SG60: Where Finance Meets – Happy Birthday Singapore

On 9 August 2025, Singapore turns 60 — a city-state that has grown, in just six decades, into Asia’s most trusted crossroads for capital, talent, and ideas. finews.asia, proud to have chronicled a decade of this rise from its newsroom in the Lion City, sends heartfelt congratulations to Singapore and everyone building its next chapter.

To Singapore — happy 60th. For ten years, the financial news website finews.asia been privileged to report from this dynamic financial centre: the policy wins and the pitfalls, the entrepreneurs and the incumbents, the experiments that become new rails. Thank you for the trust, the access, and the stories. Here’s to the next decade of building — together.

The foundations of today’s financial centre were laid early: Parliament passed the MAS Act in 1970 and the Monetary Authority of Singapore opened its doors in 1971, fusing central banking, supervision, and market development under one roof — a rare, high-clarity model that proved decisive for credibility and growth.
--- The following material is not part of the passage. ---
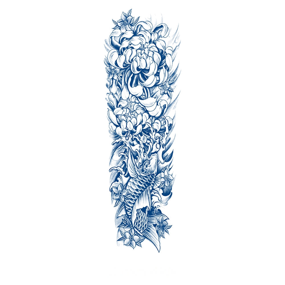 This elegant full-sleeve tattoo captures the essence of growth and determination. Flowing peony blossoms represent prosperity and grace, while the ascending koi fish symbolizes strength, ambition, and the pursuit of one's destiny. Intricate details of waves and petals create a harmonious flow, making this design a powerful statement of resilience and personal triumph.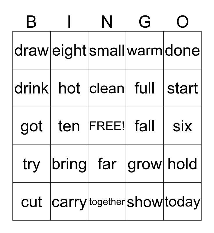 This bingo card has a free space and 24 words: bring, carry, clean, cut, done, draw, drink, eight, fall, far, full, got, grow, hold, hot, show, six, small, start, ten, today, try, warm and together.

A 60th birthday framed by confidence

This year’s National Day theme – «Building Our Singapore Together» – invites a forward-looking stock-take of what has worked: openness, rule of law, and pragmatism. Those same traits underpin finance, from banking to capital markets to the fast-maturing digital-assets stack.

Capital Keeps Choosing Singapore

Singapore’s asset-management industry has reached new highs, with AUM around S$6.1 trillion last year, reflecting steady global inflows and the city’s role as a regional allocation hub.

Family offices remain a standout story: the number of single-family offices climbed to about 2,000 in 2024, up sharply from 1,400 a year earlier, cementing Singapore’s position as Asia’s preferred base for private capital

Markets With Momentum

Confidence is visible on the bourse. SGX just posted record earnings and flagged its strongest IPO pipeline in years — proof that recent market-enhancing measures are bearing fruit and that deal-makers still see Singapore as a credible listing venue.

Sustainability is now mainstream in disclosure. From FY2025, Singapore issuers must report Scope 1 and 2 emissions in line with IFRS Sustainability standards — aligning the market with global best practice and sharpening investor comparability.

Prudent Innovation

The city’s digital banks — GXS, MariBank, ANEXT, Green Link Digital, and Trust Bank — spent 2024 narrowing losses and finding niches in consumer and SME finance, adding competitive verve to everyday banking without compromising stability.

On wholesale rails, MAS has treated innovation as infrastructure: Project Ubin proved DLT-based settlement concepts and evolved into Ubin+ for cross-border FX experiments; in parallel, Project Guardian is scaling real-world asset tokenisation with global regulators and industry.

High Standards

The 2023 money-laundering scandal tested the system’s defences. MAS concluded enforcement this July with S$27.45 million in penalties across nine institutions and tightened expectations — a tough episode handled transparently, with remediation demanded and delivered.

At the same time, to keep legitimate wealth flows efficient, authorities shortened processing for family-office tax incentives to ~3 months and worked with banks to speed account openings — a calibrated blend of vigilance and competitiveness.

A Festival That Convenes Finance and Tech

This November marks the 10th edition of the Singapore Fintech Festival, now the world’s largest of its kind — a signal that the city doesn’t just regulate innovation; it convenes it. Expect decarbonisation, digital assets, and cross-border payments to dominate the agenda again.

What to Watch Next

  • Listings & liquidity: Can SGX convert its IPO pipeline into marquee debuts and deeper secondary liquidity? Early signs are encouraging.
  • Sustainable finance at scale: Mandatory emissions reporting should accelerate capital re-pricing and green-product innovation.
  • Tokenised markets: Guardian’s expanding international coalition suggests 2026–2028 could see institutional-grade tokenised funds and collateral markets move beyond pilots.